Today is Christmas Eve and it’s been one heck of an emotional week.
It was my little sister’s birthday last Friday, Dec. 14, and I treated her, my toddler niece and our parents to a nice sushi lunch to celebrate while our other six kiddies were at school.
What fun we had, after having just attended my twin daughters’ fourth-grade “Frosty the Snowman” play earlier that morning. It was delightful.
Walking back to my car, my iPhone flashed with breaking
news: A gunman had open-fired at a Newtown, Conn., elementary school, killing 26 people, including 20 children. My heart grew heavy. I wept.
The next few days were spent praying for these sweet little angels
and the six teachers who tried
valiantly to protect them, their bloody bodies still in their classrooms, their parents not allowed to see them for close to 48 hours because it was a crime scene.
I tried to imagine the pain the parents were going through, being told a madman went on a killing spree where their babies went to be safe and to learn, then waiting to be reunited with them, to see if they made it out alive.
It must’ve been an eternity for the parents in that firehouse, as the first responders slowly gathered and released the survivors, one by one.
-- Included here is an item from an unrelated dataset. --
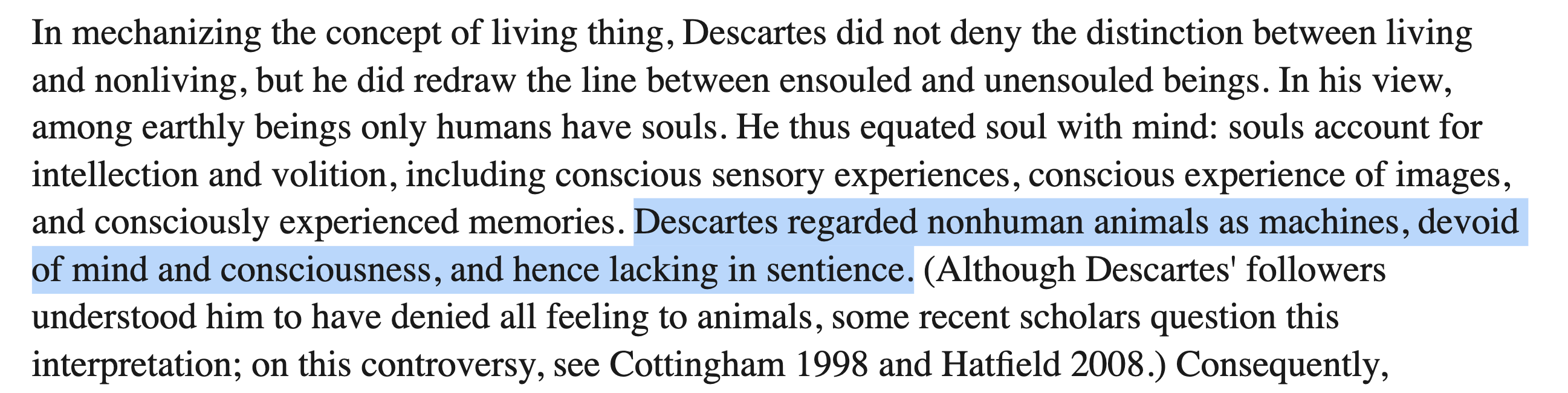 This is argument also goes back to Descartes positing that humans are the only creatures that have souls and all other life are just mindless automata.

How happy they must’ve been to collect their kids and bring them home … and how impossibly sad for those whose children never emerged.
Like so many of you, especially those who are lucky enough to be parents, I’ve been crying off and on this past week, often unexpectedly, many times uncontrollably.
I’ve hugged my three young daughters longer, tighter and more often. Because of this unprecedented tragedy, I am thankful for them, their health, their uniqueness. Because of this senseless barbarism, I am prouder of their strengths, more patient with their weaknesses.